Depending on the encoding used to create the zip file, you might be able to prevent unwanted translations by temporarily setting the locale to "C":

LC_ALL=C 7z x $archive

(This helped for a zip created by IZArc on Win7, using two of your example filenames.)
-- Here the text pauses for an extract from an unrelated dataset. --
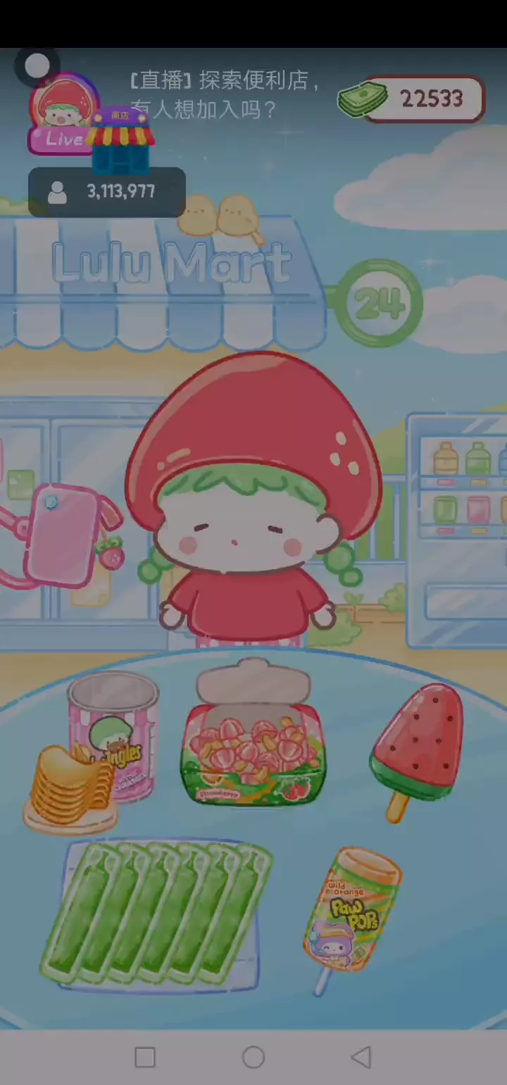 更新宠物!!! 「你进行草莓糖葫芦吃播的话,我就赞助100元。」 「脆口的声音太迷人了(°θ°)」 由于客人都被最近新开的许多糖葫芦店家抢走,曾经号称糖葫芦达人的父母因此卧病在床。 继承父母店面的主角露露开始糖葫芦吃播来宣传店面。 直到成为真正的糖葫芦达人那一天! 「今天我也要开始糖葫芦直播罗!( •o• )」 [串材料] 只有新鲜的水果的话,很难以一名吃播实况主存活下来。还要有松饼、地球软糖、青阳辣椒!利用奇特的材料制作糖葫芦吧。 [裹糖衣] 将材料串满竹签的话,就放进锅子搅动吧。唯有利用达人的秘法,才能裹出又薄又脆的糖衣。 [即时吃播] 咔哒咔哒!今天的吃播也大成功。热烈的聊天内容看起来反应也不错。看来得利用完成观众任务得到的赞助金来买新材料了! 来,准备好了吧?现在就马上挑战成为糖葫芦达人吧!

However, for the archive in the question, the "filename" field contains the CP1251 encoding of "ДКП.doc" (84 8a 8f 2e 64 6f 63). The "extra" field uses an Info-zip extension (see section 4.6.9 of the Zip Specification v 6.3.4 ) to store the UTF-8 filename. unzip knows about this header, and uses the UTF-8 name, ignoring the CP1251 one.

7z doesn't do anything with this "extra field", and only uses the CP1251 one. Depending on the current locale, it might create the file using that exact name (the raw bytes 84 8a 8f), or worse, treat them as unicode points to be expanded to UTF-8 first (c2 84 c2 8a c2 8f).

One option is to use external utilities to change the zip first:

#!/bin/bash

cp orig.zip renamed.zip

index=0
zipinfo -1 orig.zip | while read name ; do
        ziptool renamed.zip rename $index "$name"
        index=$((index+1))
done

ziptool is from libzip. zipinfo is distributed with Info-ZIP's UnZip, so you might as well have just used unzip.